Liu Jen-Wei, Lin Jau-Ji, Cheng Chih-Wen, Lin Yu-Feng, Hwang Jenn-Kang, Huang Tsun-Tsao
Institute of Bioinformatics and Systems Biology, National Chiao Tung University, HsinChu, Taiwan, Republic of China.
Institute of Biomedical Informatics, National Yang-Ming University, Taipei, Taiwan, Republic of China.
Proteins. 2017 Sep;85(9):1713-1723. doi: 10.1002/prot.25329. Epub 2017 Jun 28.
Residues that are crucial to protein function or structure are usually evolutionarily conserved.

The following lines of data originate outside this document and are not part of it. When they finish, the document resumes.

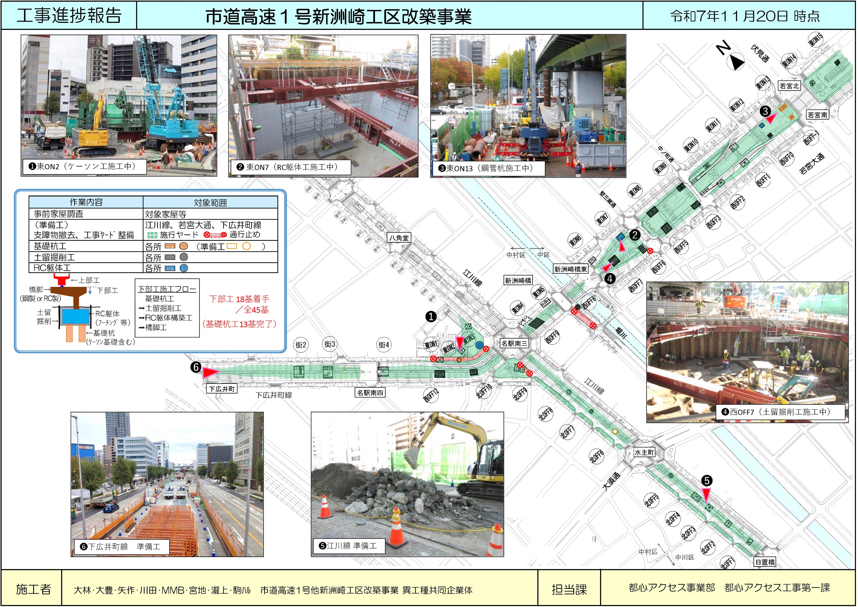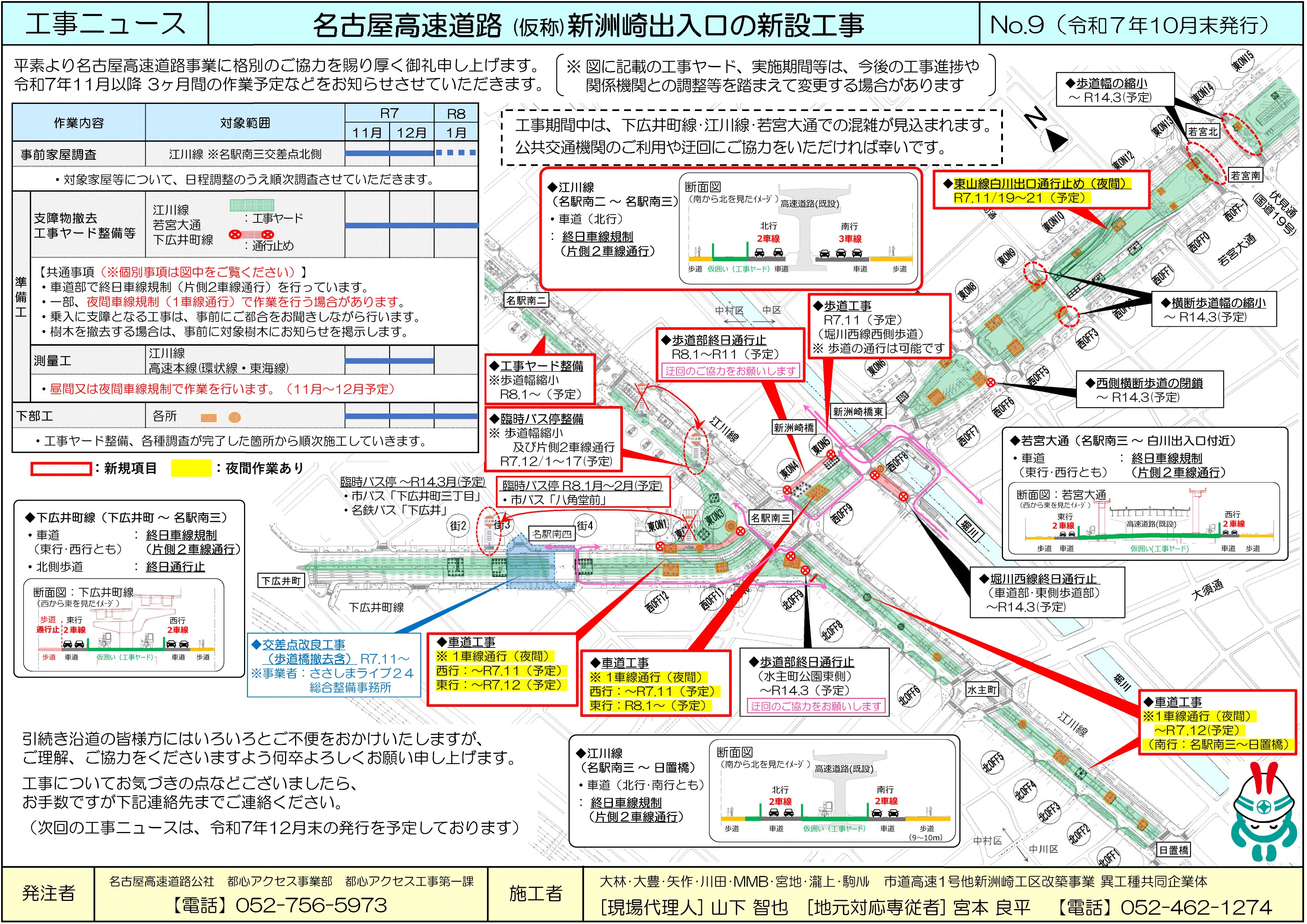 名古屋高速道路公社では、都心へのアクセスの向上等を図るため、出入口の新設等、都心アクセス事業に取り組んでおります。このうち、(仮称)新洲崎出入口については、2031年度の完成を目標に、工事に必要な工事ヤードを確保するため、一般道において終日車線規制などの交通規制を実施しております。
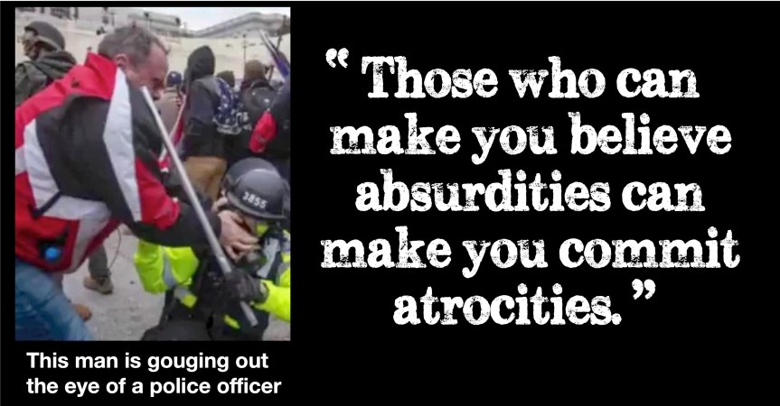Every one who stepped through the door should be charged with §5104- Unlawful activities & 18 U.S. Code § 1752, with the potential punishment of a year in prison. Many would be resolved with a good-sized fine, along with a ban prohibiting gun possession, which is a great deterrent as well. Break the “Big Lie” spell with consequences.
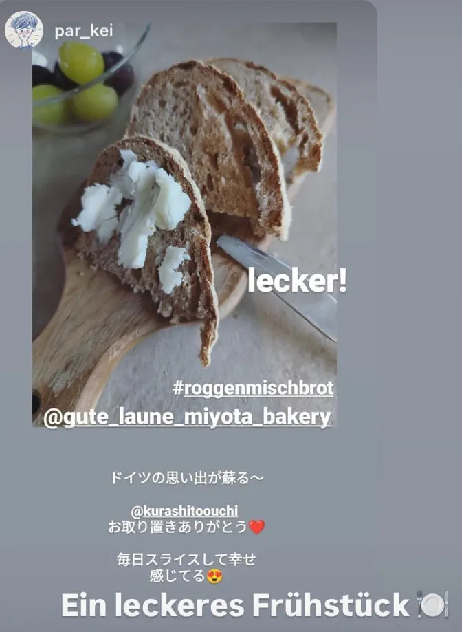 4月に移住してからは、さまざまな方に私のパンを食べていただき、その高評価を受けてインスタグラムを始めました。徐々に広がり、気づけば何百人もの方々がグーテ・ラウネに興味を持ち、フォローしていただいています。「グーテ・ラウネのドイツパンはどこで買えますか?」という質問も増え、その要望に応える形で、店舗を持たないグーテ・ラウネが出店を始めました。出店先ではお陰様で、30分で完売することができました。私にとってのパン作りは、何より幸せな時間です。その幸せな時間に焼いたパンを皆様に食べていただき、幸せな気分になっていただくことが私にとってのまた幸せでもあります。皆様の暖かい言葉とサポートを受け、2025年の春にはパン屋をオープンするという夢が一歩近づきました。

To identify the important residues in protein, sequence conservation is estimated, and current methods rely upon the unbiased collection of homologous sequences. Surprisingly, our previous studies have shown that the sequence conservation is closely correlated with the weighted contact number (WCN), a measure of packing density for residue's structural environment, calculated only based on the C positions of a protein structure. Moreover, studies have shown that sequence conservation is correlated with environment-related structural properties calculated based on different protein substructures, such as a protein's all atoms, backbone atoms, side-chain atoms, or side-chain centroid. To know whether the C atomic positions are adequate to show the relationship between residue environment and sequence conservation or not, here we compared C atoms with other substructures in their contributions to the sequence conservation. Our results show that C positions are substantially equivalent to the other substructures in calculations of various measures of residue environment. As a result, the overlapping contributions between C atoms and the other substructures are high, yielding similar structure-conservation relationship. Take the WCN as an example, the average overlapping contribution to sequence conservation is 87% between C and all-atom substructures. These results indicate that only C atoms of a protein structure could reflect sequence conservation at the residue level.
对蛋白质功能或结构至关重要的残基通常在进化上是保守的。为了识别蛋白质中的重要残基,人们会估计序列保守性,而目前的方法依赖于同源序列的无偏收集。令人惊讶的是,我们之前的研究表明,序列保守性与加权接触数(WCN)密切相关,WCN是一种仅基于蛋白质结构的C原子位置计算的残基结构环境堆积密度的度量。此外,研究表明序列保守性与基于不同蛋白质子结构计算的与环境相关的结构特性相关,例如蛋白质的所有原子、主链原子、侧链原子或侧链质心。为了了解C原子位置是否足以显示残基环境与序列保守性之间的关系,我们在此比较了C原子与其他子结构对序列保守性的贡献。我们的结果表明,在计算各种残基环境度量时,C位置与其他子结构基本等效。因此,C原子与其他子结构之间的重叠贡献很高,产生了相似的结构-保守性关系。以WCN为例,C与全原子子结构之间对序列保守性的平均重叠贡献为87%。这些结果表明,蛋白质结构的仅C原子就可以在残基水平上反映序列保守性。